▶ _DATA TO USE_:
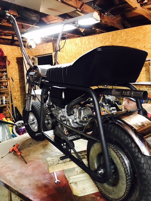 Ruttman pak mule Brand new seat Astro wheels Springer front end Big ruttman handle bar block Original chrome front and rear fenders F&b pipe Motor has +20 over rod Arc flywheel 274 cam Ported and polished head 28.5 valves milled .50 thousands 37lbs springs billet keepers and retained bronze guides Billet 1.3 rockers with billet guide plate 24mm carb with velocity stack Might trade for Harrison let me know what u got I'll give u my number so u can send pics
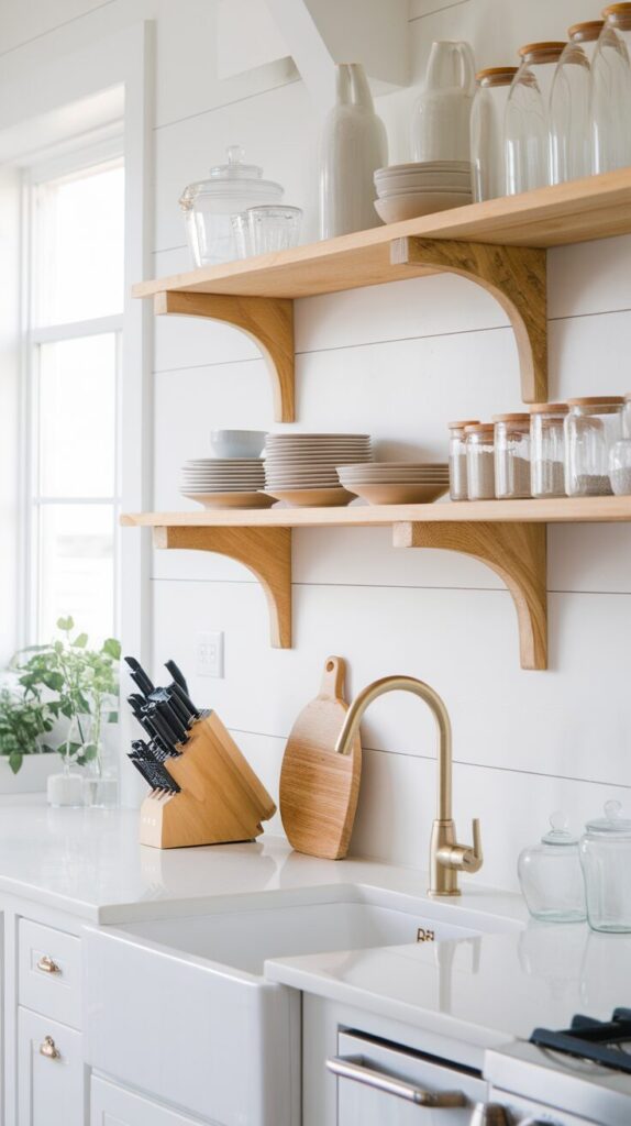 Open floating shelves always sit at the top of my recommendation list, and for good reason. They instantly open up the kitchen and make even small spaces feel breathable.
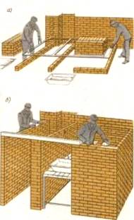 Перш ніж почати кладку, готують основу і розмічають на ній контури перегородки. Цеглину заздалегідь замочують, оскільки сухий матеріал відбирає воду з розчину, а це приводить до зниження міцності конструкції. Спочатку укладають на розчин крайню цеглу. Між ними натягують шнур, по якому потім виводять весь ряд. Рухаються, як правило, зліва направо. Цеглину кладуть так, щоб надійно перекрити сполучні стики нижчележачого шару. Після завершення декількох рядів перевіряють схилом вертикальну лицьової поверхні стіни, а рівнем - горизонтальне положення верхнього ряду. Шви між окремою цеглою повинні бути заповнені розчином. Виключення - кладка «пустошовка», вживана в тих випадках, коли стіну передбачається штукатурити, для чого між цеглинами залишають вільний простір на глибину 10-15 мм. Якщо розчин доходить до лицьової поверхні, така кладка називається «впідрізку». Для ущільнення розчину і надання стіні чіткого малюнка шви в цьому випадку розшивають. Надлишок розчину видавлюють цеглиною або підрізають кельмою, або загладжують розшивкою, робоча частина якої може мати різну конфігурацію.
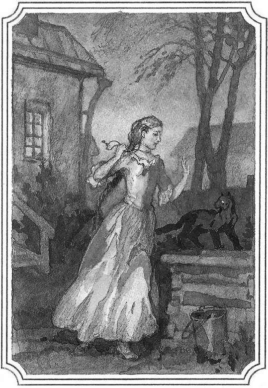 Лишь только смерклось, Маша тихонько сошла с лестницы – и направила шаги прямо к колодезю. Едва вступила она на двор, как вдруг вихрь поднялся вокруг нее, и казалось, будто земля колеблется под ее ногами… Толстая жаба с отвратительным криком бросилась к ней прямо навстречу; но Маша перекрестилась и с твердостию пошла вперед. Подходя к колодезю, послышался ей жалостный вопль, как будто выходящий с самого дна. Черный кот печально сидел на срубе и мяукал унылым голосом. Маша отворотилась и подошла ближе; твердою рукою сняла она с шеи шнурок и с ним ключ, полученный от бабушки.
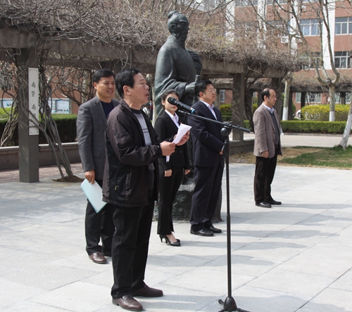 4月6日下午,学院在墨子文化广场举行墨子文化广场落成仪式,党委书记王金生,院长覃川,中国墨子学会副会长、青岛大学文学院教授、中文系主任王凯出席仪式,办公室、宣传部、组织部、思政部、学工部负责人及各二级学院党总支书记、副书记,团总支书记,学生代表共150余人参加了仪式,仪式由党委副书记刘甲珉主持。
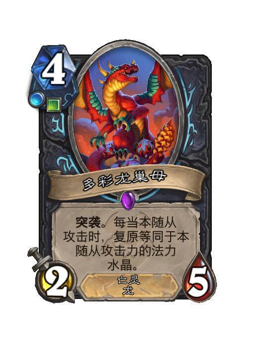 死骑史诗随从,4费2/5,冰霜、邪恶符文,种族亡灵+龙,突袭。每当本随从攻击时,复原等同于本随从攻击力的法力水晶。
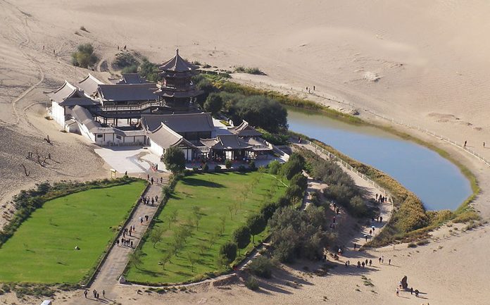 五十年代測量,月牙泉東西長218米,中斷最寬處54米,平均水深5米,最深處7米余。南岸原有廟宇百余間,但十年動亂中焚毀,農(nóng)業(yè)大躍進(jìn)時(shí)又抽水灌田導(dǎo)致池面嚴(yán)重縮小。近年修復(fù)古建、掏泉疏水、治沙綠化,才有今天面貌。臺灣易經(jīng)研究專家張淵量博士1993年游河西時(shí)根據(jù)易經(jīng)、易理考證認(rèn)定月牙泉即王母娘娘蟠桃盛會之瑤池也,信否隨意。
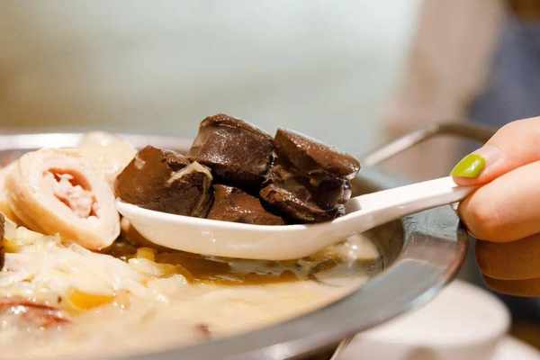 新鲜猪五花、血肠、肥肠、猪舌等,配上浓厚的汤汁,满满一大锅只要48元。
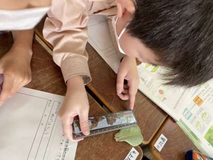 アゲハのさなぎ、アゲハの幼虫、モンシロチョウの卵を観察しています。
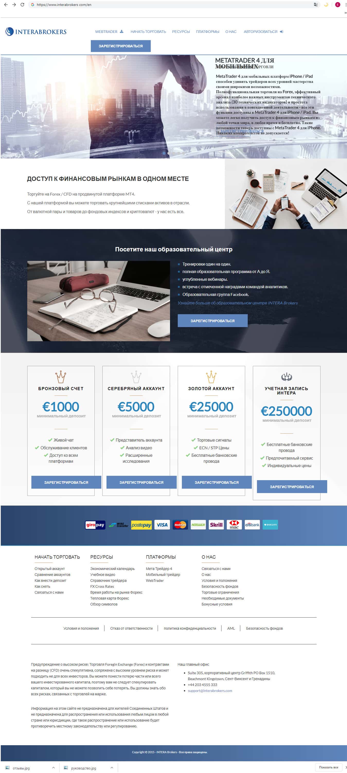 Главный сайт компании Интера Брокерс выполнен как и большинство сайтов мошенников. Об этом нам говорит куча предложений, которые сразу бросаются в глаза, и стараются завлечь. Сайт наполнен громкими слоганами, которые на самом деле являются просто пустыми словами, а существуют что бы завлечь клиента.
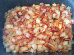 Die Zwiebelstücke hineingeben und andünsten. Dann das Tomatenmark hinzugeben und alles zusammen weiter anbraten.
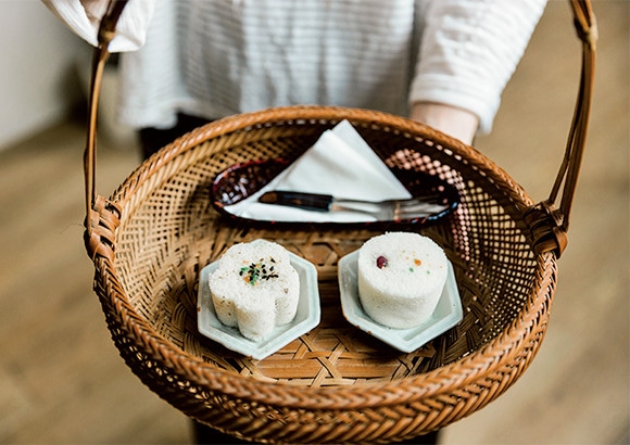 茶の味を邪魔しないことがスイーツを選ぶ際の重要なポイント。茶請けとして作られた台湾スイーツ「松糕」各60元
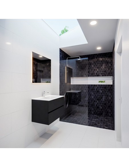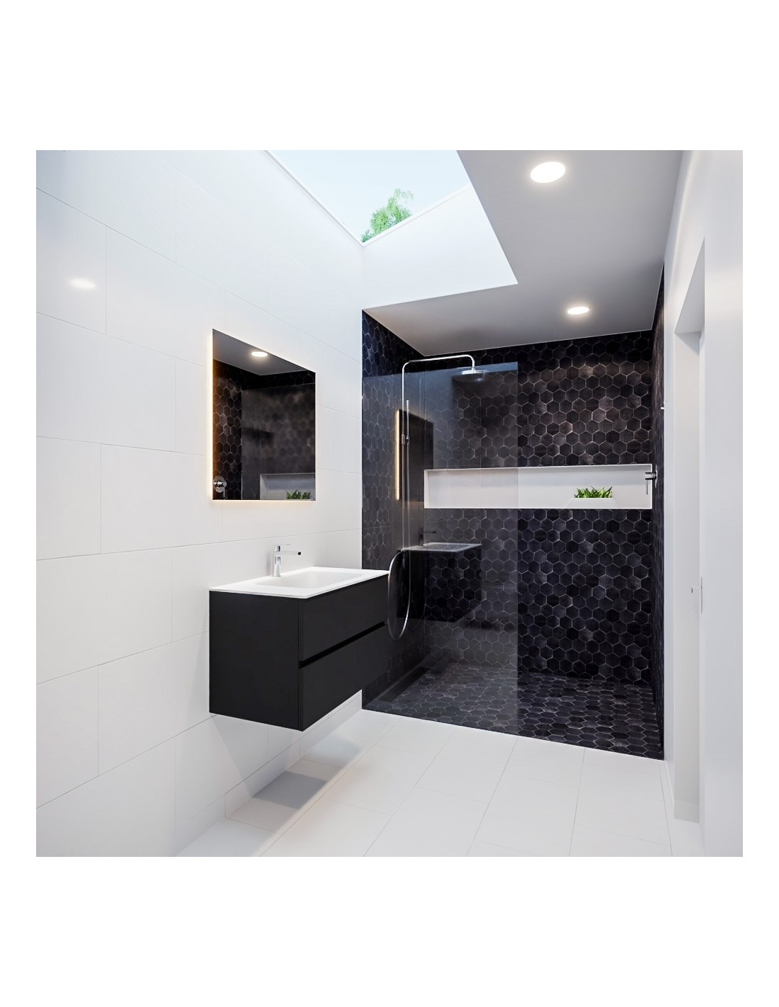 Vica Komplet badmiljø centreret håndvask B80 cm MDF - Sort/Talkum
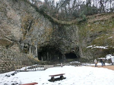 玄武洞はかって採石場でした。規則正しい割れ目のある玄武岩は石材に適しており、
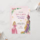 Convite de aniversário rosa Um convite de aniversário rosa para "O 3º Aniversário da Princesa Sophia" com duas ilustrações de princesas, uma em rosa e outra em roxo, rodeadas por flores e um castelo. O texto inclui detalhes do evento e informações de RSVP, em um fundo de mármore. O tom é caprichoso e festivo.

---

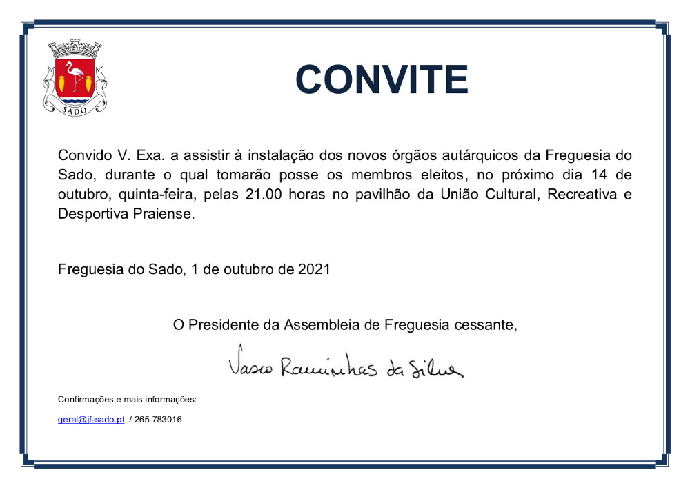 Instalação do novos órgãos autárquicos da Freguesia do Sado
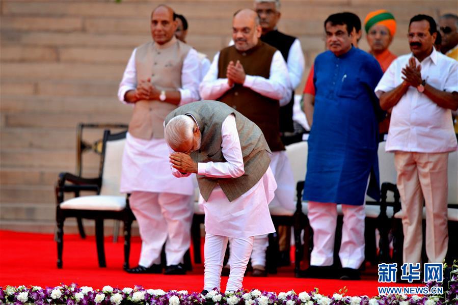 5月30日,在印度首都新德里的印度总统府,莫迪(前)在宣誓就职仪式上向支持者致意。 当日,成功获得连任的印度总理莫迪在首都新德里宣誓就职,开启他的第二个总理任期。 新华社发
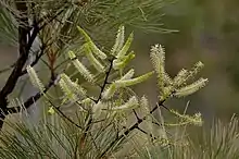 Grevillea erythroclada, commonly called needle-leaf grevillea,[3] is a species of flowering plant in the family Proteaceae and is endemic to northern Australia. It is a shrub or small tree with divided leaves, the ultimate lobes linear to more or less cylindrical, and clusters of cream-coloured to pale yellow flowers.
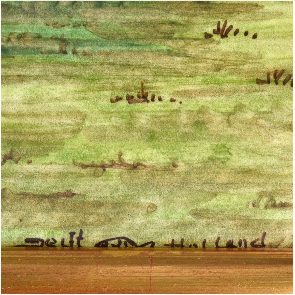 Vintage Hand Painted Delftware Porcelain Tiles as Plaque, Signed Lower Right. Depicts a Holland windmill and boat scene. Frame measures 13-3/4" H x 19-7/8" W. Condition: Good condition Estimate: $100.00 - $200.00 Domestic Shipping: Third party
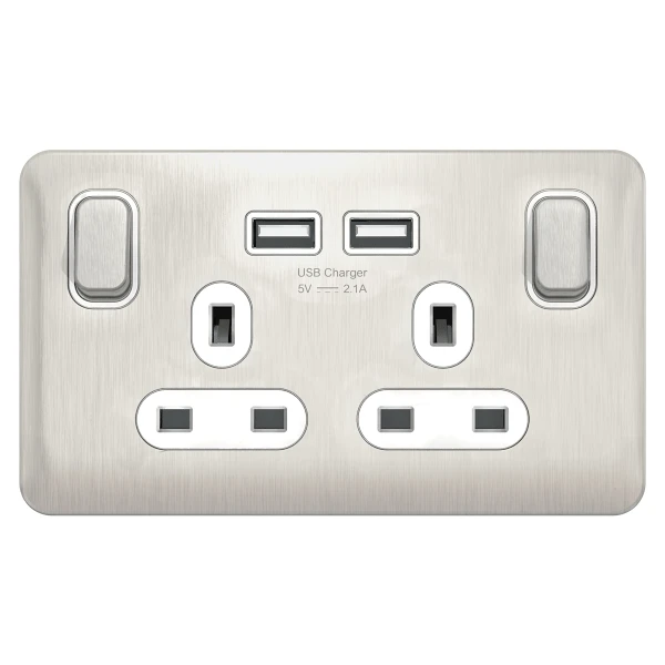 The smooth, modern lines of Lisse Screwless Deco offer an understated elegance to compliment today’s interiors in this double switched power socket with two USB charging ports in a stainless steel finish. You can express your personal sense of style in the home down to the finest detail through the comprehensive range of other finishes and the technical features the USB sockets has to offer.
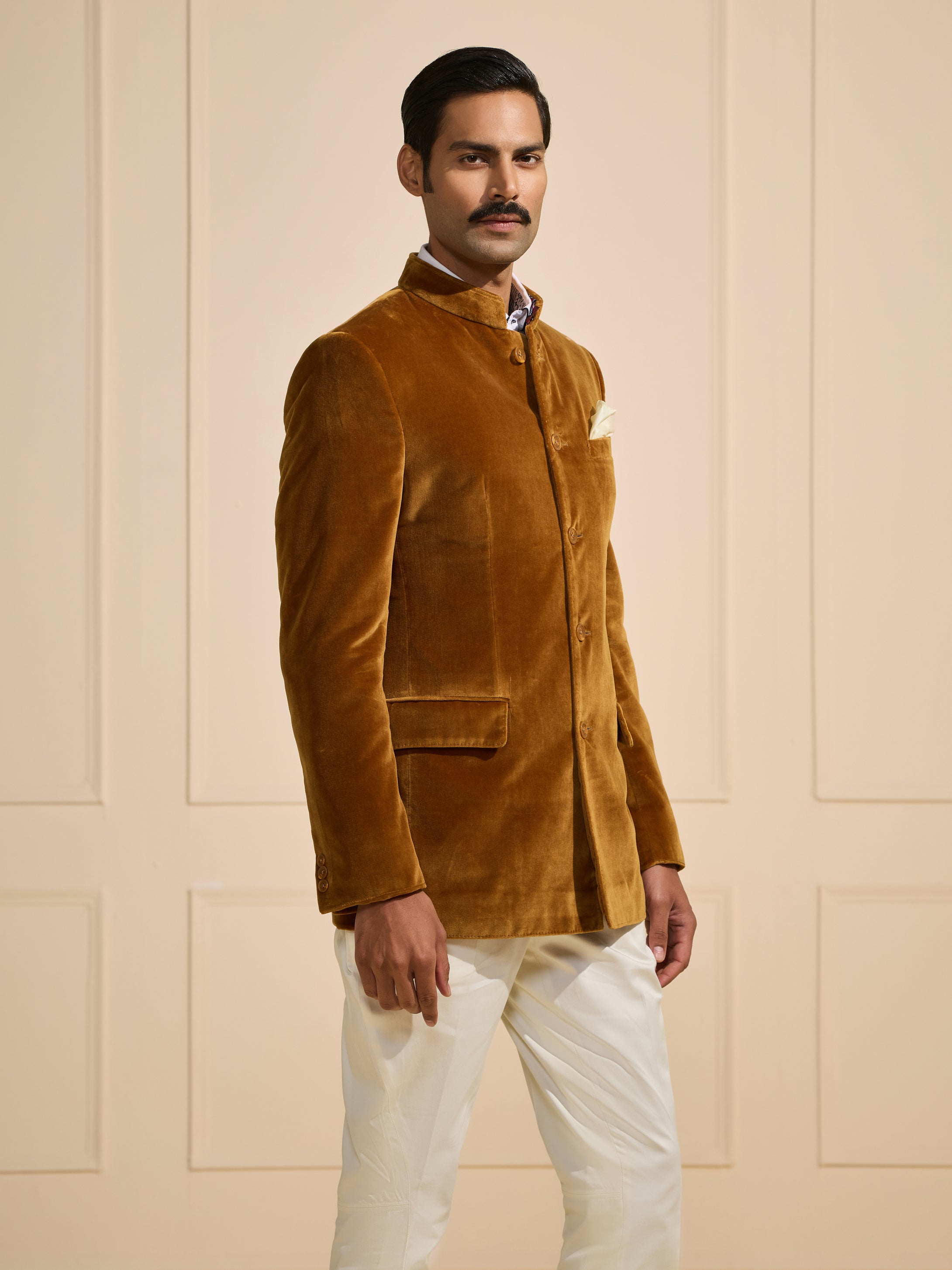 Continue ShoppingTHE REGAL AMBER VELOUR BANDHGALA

* * *

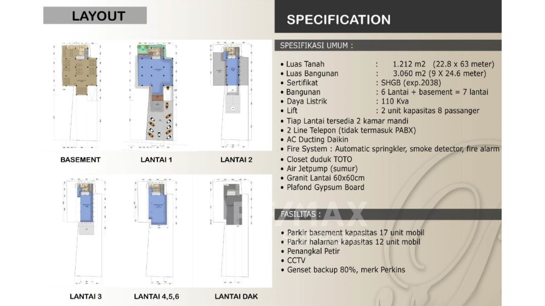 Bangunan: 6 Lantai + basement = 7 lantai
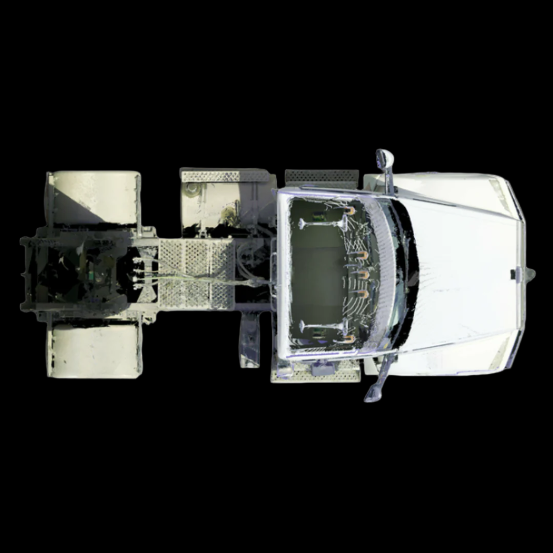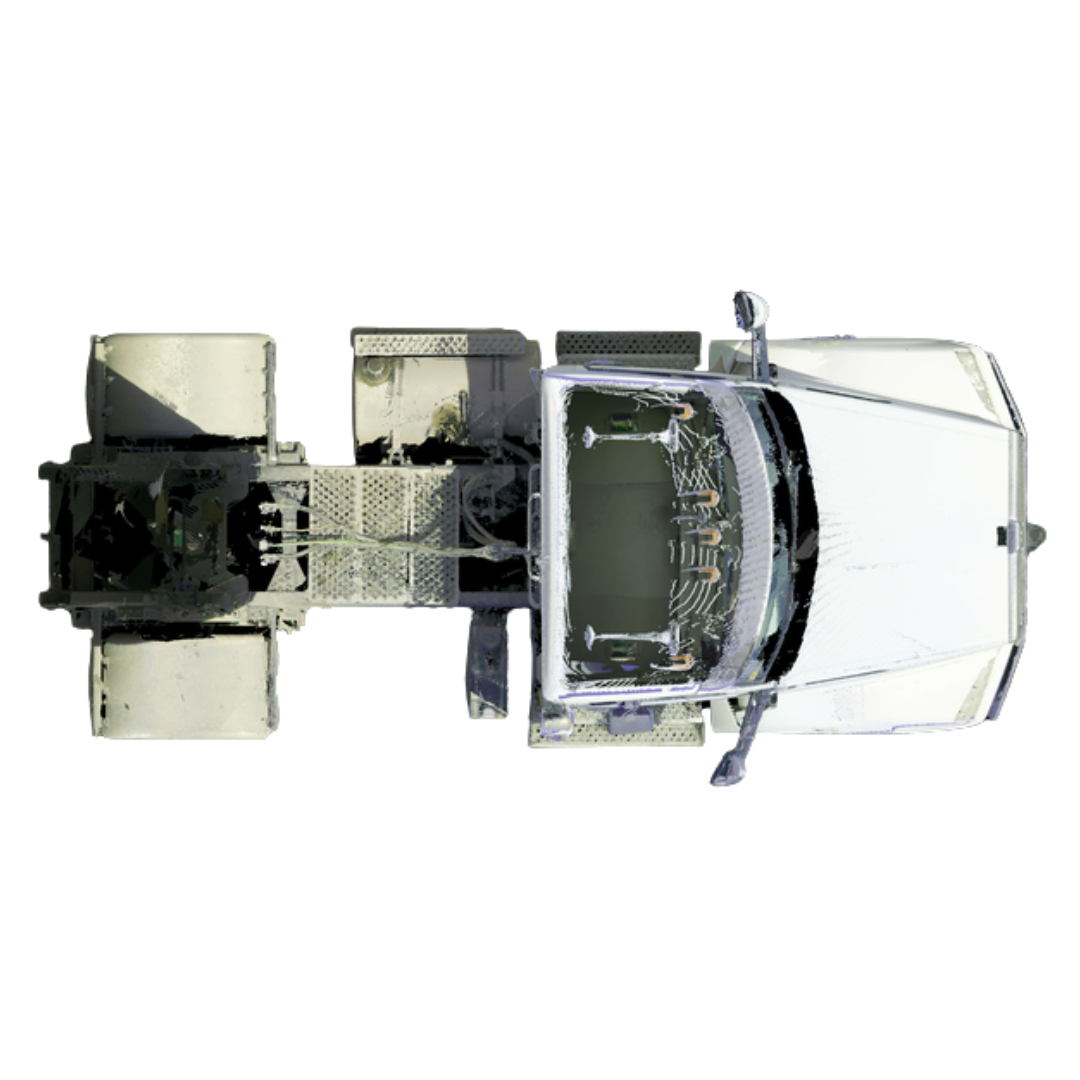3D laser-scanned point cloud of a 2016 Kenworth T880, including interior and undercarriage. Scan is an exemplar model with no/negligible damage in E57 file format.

▶ _HOW TO COMPLETE THIS TASK_: Using the data above, give again exactly the lines starting at the one holding "Vica Komplet badmiljø" and ending at the one holding "Convite de aniversário rosa Um", inclusive, and nothing more. Omit the pictures.

▶ _REPLY_:
 Vica Komplet badmiljø centreret håndvask B80 cm MDF - Sort/Talkum
 玄武洞はかって採石場でした。規則正しい割れ目のある玄武岩は石材に適しており、
 Convite de aniversário rosa Um convite de aniversário rosa para "O 3º Aniversário da Princesa Sophia" com duas ilustrações de princesas, uma em rosa e outra em roxo, rodeadas por flores e um castelo. O texto inclui detalhes do evento e informações de RSVP, em um fundo de mármore. O tom é caprichoso e festivo.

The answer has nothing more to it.